"""
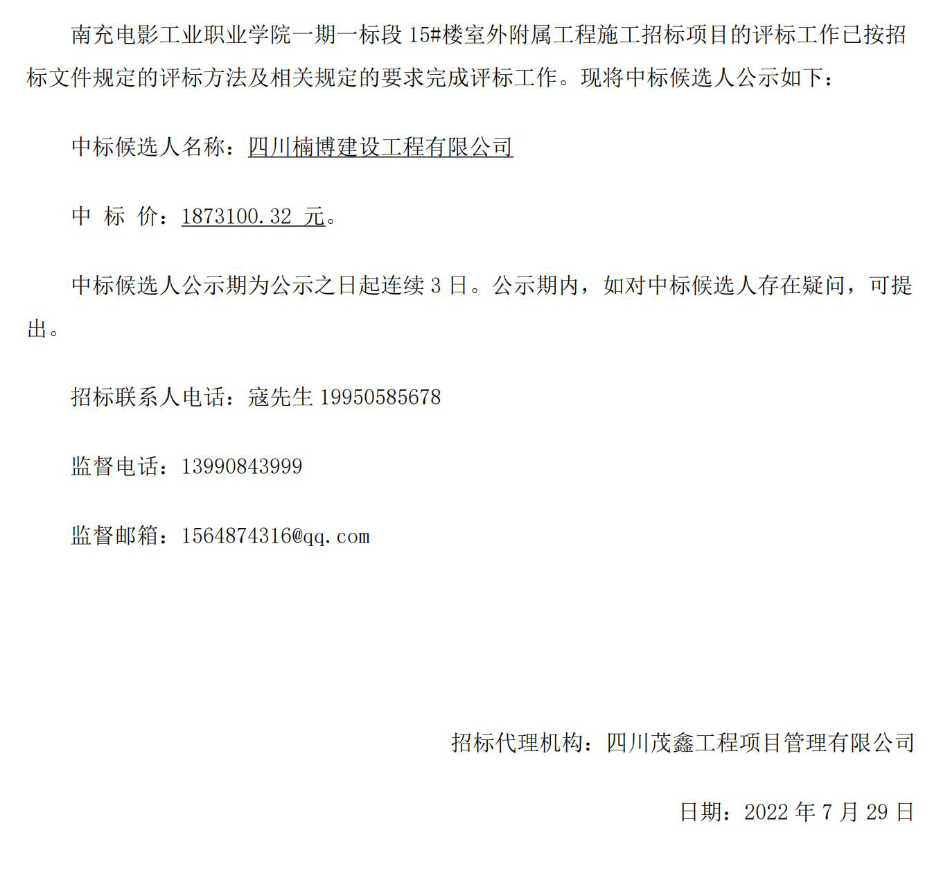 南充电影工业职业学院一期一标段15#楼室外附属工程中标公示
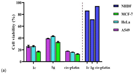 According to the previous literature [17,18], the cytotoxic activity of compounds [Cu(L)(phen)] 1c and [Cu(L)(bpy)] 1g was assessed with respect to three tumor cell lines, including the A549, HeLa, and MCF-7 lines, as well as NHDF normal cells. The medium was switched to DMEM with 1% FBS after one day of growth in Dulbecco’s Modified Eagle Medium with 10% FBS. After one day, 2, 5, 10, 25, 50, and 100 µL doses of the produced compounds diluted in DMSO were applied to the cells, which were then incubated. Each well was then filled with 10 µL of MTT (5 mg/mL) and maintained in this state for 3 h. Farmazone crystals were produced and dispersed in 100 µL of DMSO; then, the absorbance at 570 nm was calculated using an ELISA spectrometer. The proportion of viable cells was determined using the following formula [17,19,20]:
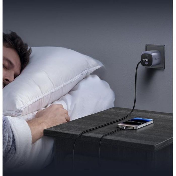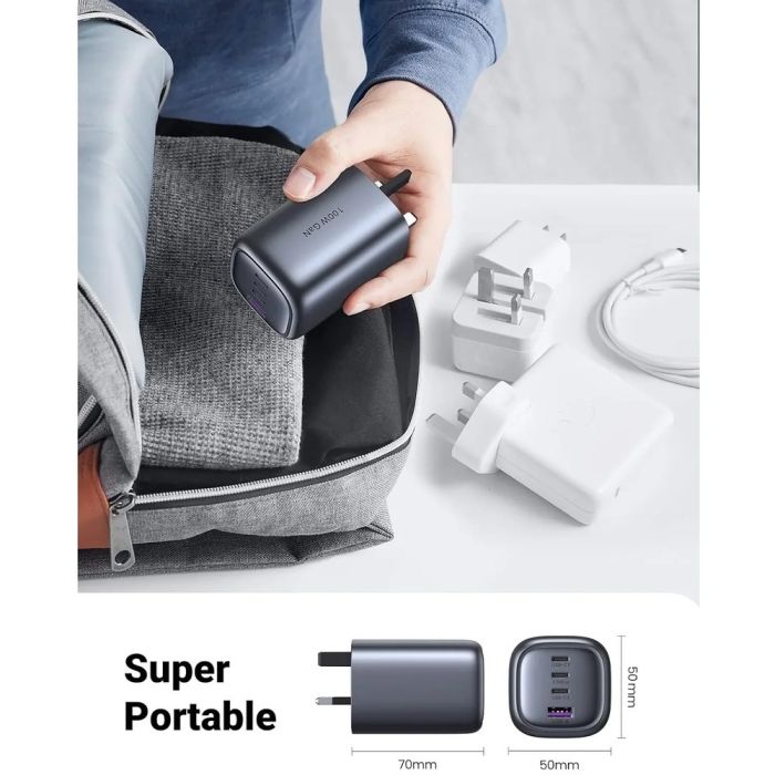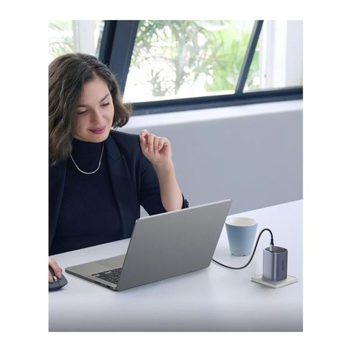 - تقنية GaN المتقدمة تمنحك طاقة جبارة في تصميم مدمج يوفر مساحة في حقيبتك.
"""
"""
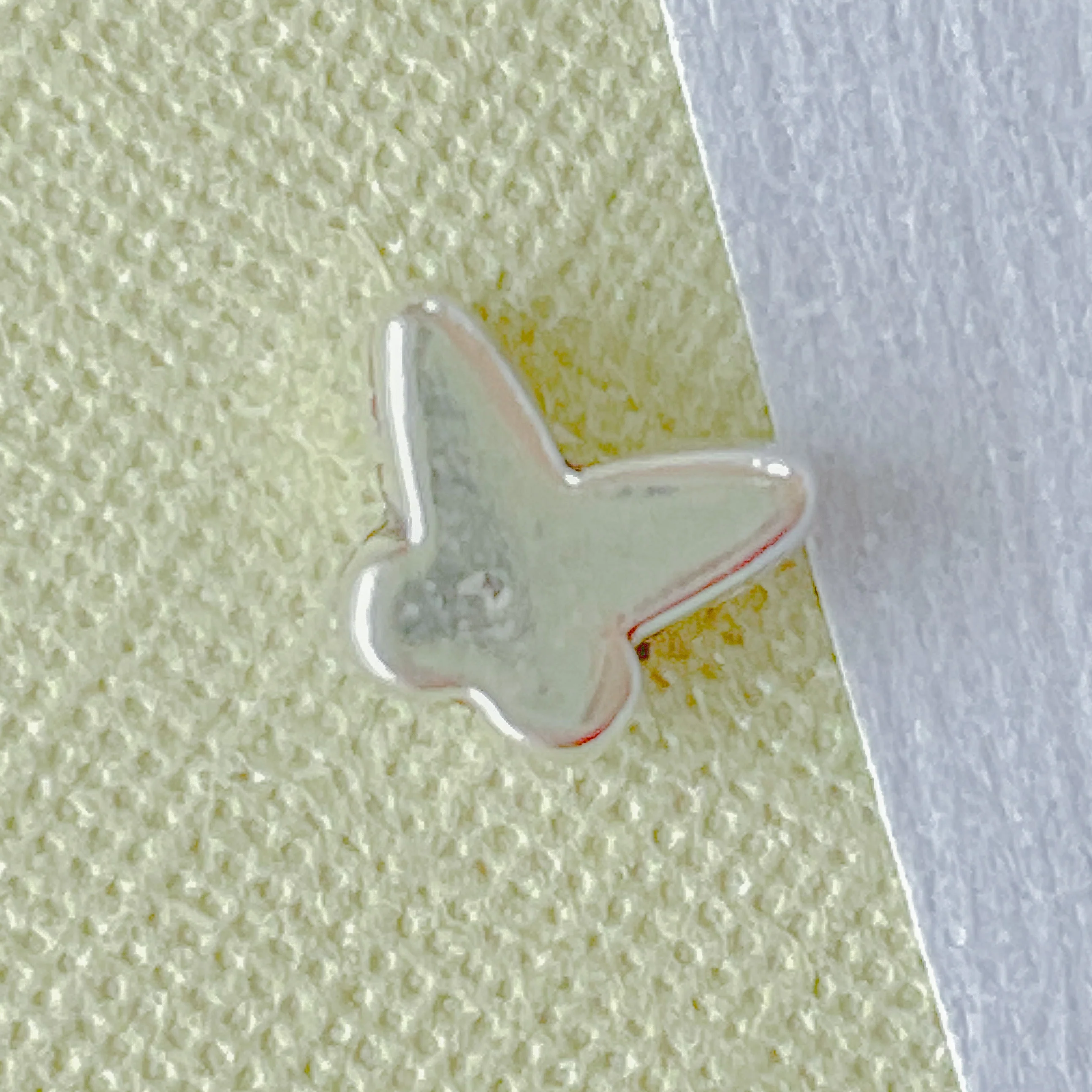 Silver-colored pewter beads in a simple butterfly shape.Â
"""
TASK: In the listing above, find the line with "According to the" and the line with "- تقنية GaN". Output both, plus every line between them, and no pictures.

WRITTEN ANSWER:
 According to the previous literature [17,18], the cytotoxic activity of compounds [Cu(L)(phen)] 1c and [Cu(L)(bpy)] 1g was assessed with respect to three tumor cell lines, including the A549, HeLa, and MCF-7 lines, as well as NHDF normal cells. The medium was switched to DMEM with 1% FBS after one day of growth in Dulbecco’s Modified Eagle Medium with 10% FBS. After one day, 2, 5, 10, 25, 50, and 100 µL doses of the produced compounds diluted in DMSO were applied to the cells, which were then incubated. Each well was then filled with 10 µL of MTT (5 mg/mL) and maintained in this state for 3 h. Farmazone crystals were produced and dispersed in 100 µL of DMSO; then, the absorbance at 570 nm was calculated using an ELISA spectrometer. The proportion of viable cells was determined using the following formula [17,19,20]:
 - تقنية GaN المتقدمة تمنحك طاقة جبارة في تصميم مدمج يوفر مساحة في حقيبتك.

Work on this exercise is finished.